Nu, bijna zes jaar later overweegt hetzelfde theatergezelschap om wederom naar Suriname af te reizen om een stuk over het slavernij verleden van Suriname en Nederland op de planken te brengen. Maar een groot deel van de betrokkenen twijfelt of zij daar wel verstandig aan doen. De lange arm van de groeiende dynastie van de inmiddels tot President gekroonde Desi Bouterse ziet in elke andersdenkende een staatsvijand. ‘Ze zijn zo onberekenbaar geworden’ en ‘ze zijn boven iedere wet verheven’ kreeg ik als antwoord toen ik mijn verbazing uitsprak over de twijfel om naar Suriname af te reizen. ‘Veel van onze familie en vrienden die nog in Suriname wonen kiezen ervoor om zich vooral koest te houden of sparen om naar Nederland te vertrekken.’
Op mijn vraag voor wie Desi Bouterse en zijn trawanten wel gevoelig zouden zijn, viel direct jouw naam. Jij hebt de autoriteit en het respect om de andere kant van het verhaal te belichten. Of zoals ik je ergens in een documentaire tegen een groep kinderen in Suriname hoorde zeggen: ‘Ieder van jullie heeft een droom, een droom wat jullie willen doen als jullie ouder zijn. Die droom moeten jullie nooit opgeven, blijf altijd dromen.’

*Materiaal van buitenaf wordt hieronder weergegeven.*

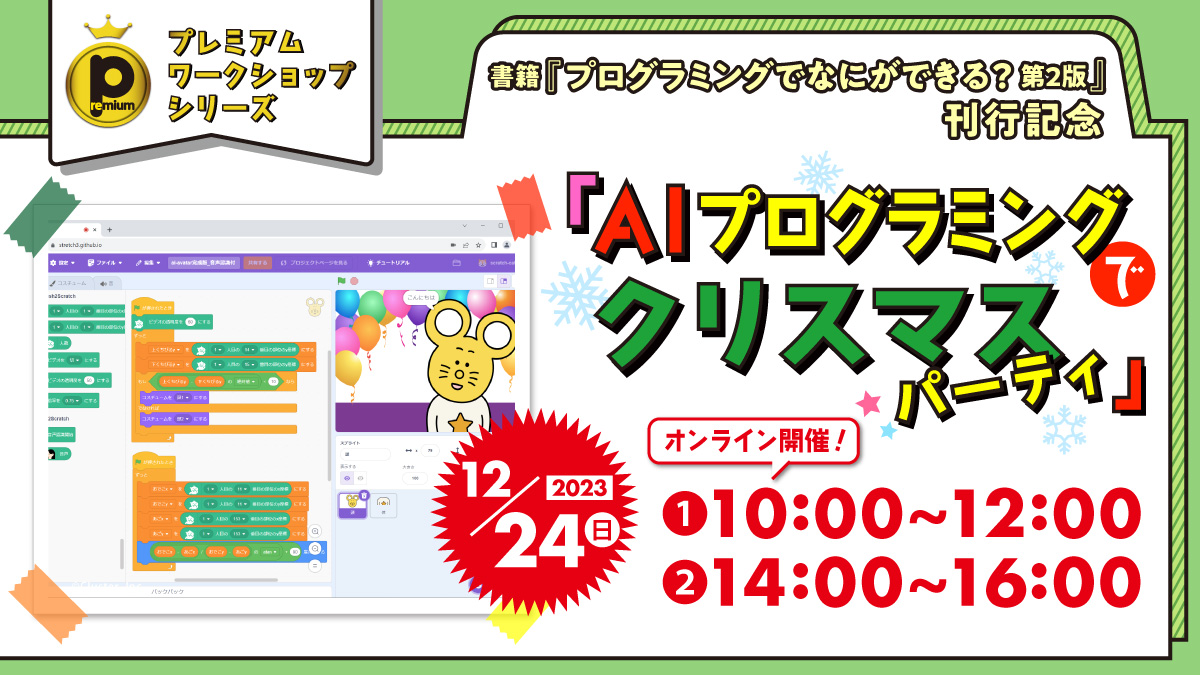 本のPart2で紹介した「AIコスプレ」と「AIアバター」にチャレンジします! クリスマスらしいコスプレやアバターの素材も準備予定。参加者は豪華なプレゼントがもらえるチャンスも!(抽選となります)。みんなで楽しくプログラミング・クリスマスパーティーを楽しもう!
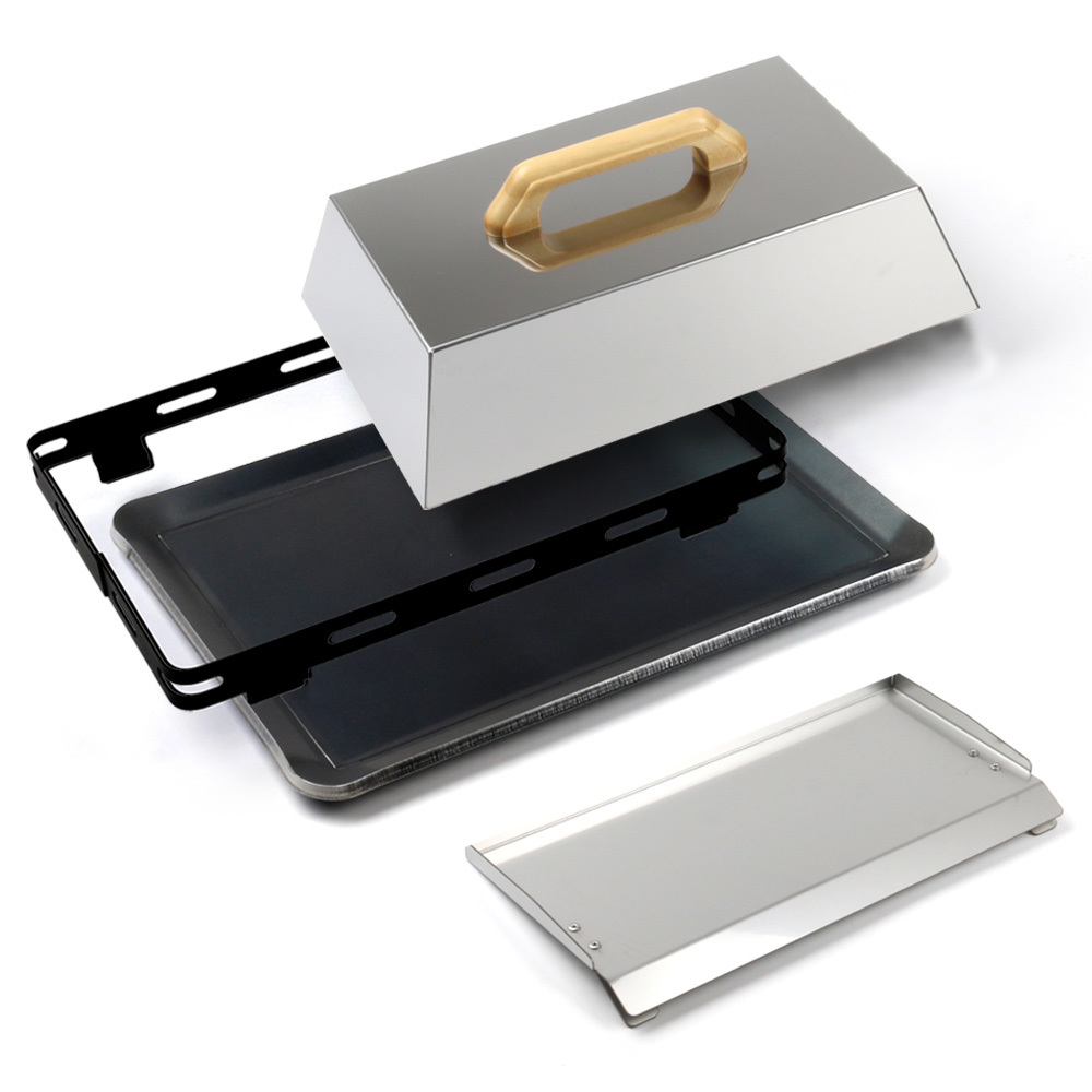 鉄板からの熱伝達で程よい保温状態を保ちますので、チーズフォンデュや、チョコフォンデュなどもお楽しみいただけます。装着することで焼面も約1.6倍のスペースとなるため、コンパクトな炙りやでもサイドトレーを装着することで人数が増えてもお使い頂けます。
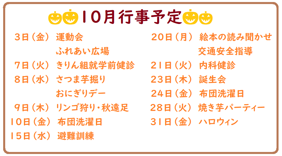 10月行事予定2025-10-01 お知らせ 涼しい秋風と、虫の声に秋の深まりを感じられるようになりました。気温差の大きい季節となりましたので、衣服で調整できるよう着替えの準備をお願いします。 今月も、運動会やリンゴ狩り、焼き芋パーティーやハロウィンなどワクワクな行事がたくさんです🎃体調管理に気を付けながら、今月も元気に過ごしましょう。また、天候により行事が変更となる場合がありますので、ご了承ください。
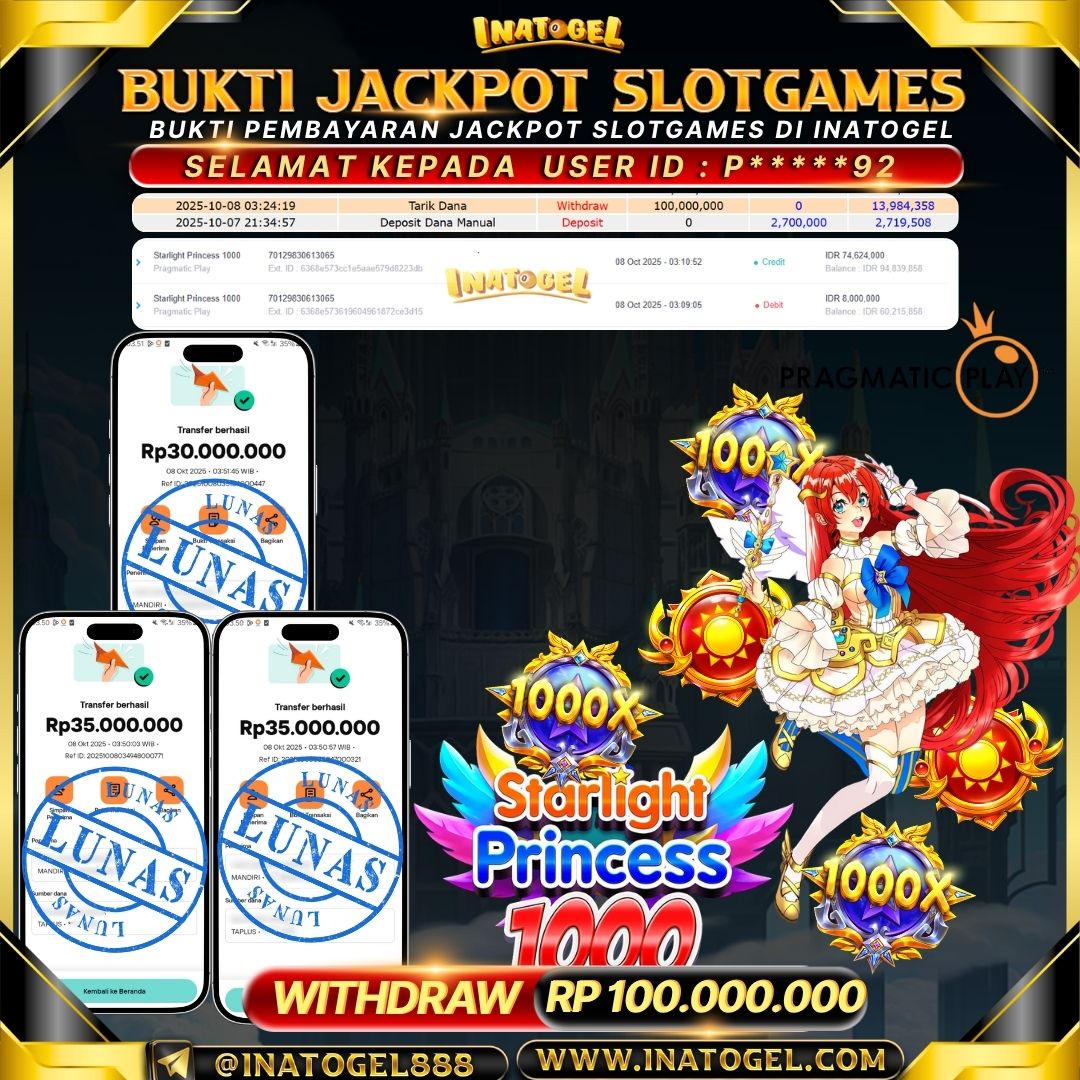 Selamat kepada User Id O***92 telah berhasil mendapatkan kemenangan jackpot pada permainan SlotGame Starlight Princess 1000 Inatogel sebesar Rp100,000,000,- . Inatogel situs terpercaya sejak dulu hingga saat ini , Untuk kemenangan berapapun pasti akan kami bayarkan . Jangan ragu bermain di Ina Togel . Kami pihak Inatogel Menyampaikan terima kasih kepada seluruh member Ina Togel yang telah Percaya dan setia Bersama kami bermain di Inatogel hingga saat ini.
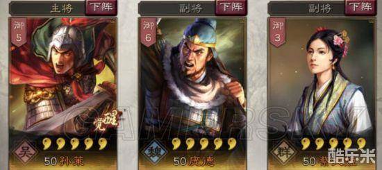 分析:孙策和庞德是比较容易获得的武将,蔡文姬是低统御的辅助武将。三人搭配在一起只有14总统御,开荒非常适合。孙策和蔡文姬可以组成不错的双治疗搭配,以强力的治疗为团队续航减低战损。进攻端可以依靠孙策和庞德打伤害,2人都有不错的输出,配备上输出战法会更加强力。

Ik wil ook blijven dromen van een wereld waar iedereen zijn dromen kan najagen. Of dat nou gaat om de inwoners van mijn geboorteland Zambia of om de mensen in Switi Sranan. Daarom vraag ik jou Clarence Seedorf om door te gaan met wat je op en buiten het veld doet. Je bent een voorbeeld van iemand die ras, nationaliteit en koloniale geschiedenis ontstijgt, die door sport weet te verbinden en zowel Surinamers als Nederlanders trots maakt. Ik bied bij deze mijn diensten aan om samen aan een nieuw project te bouwen. Een project waarmee we de dromen van die kinderen kunnen verwezenlijken en de verstikkende deken weg kunnen halen die er nu over Suriname ligt.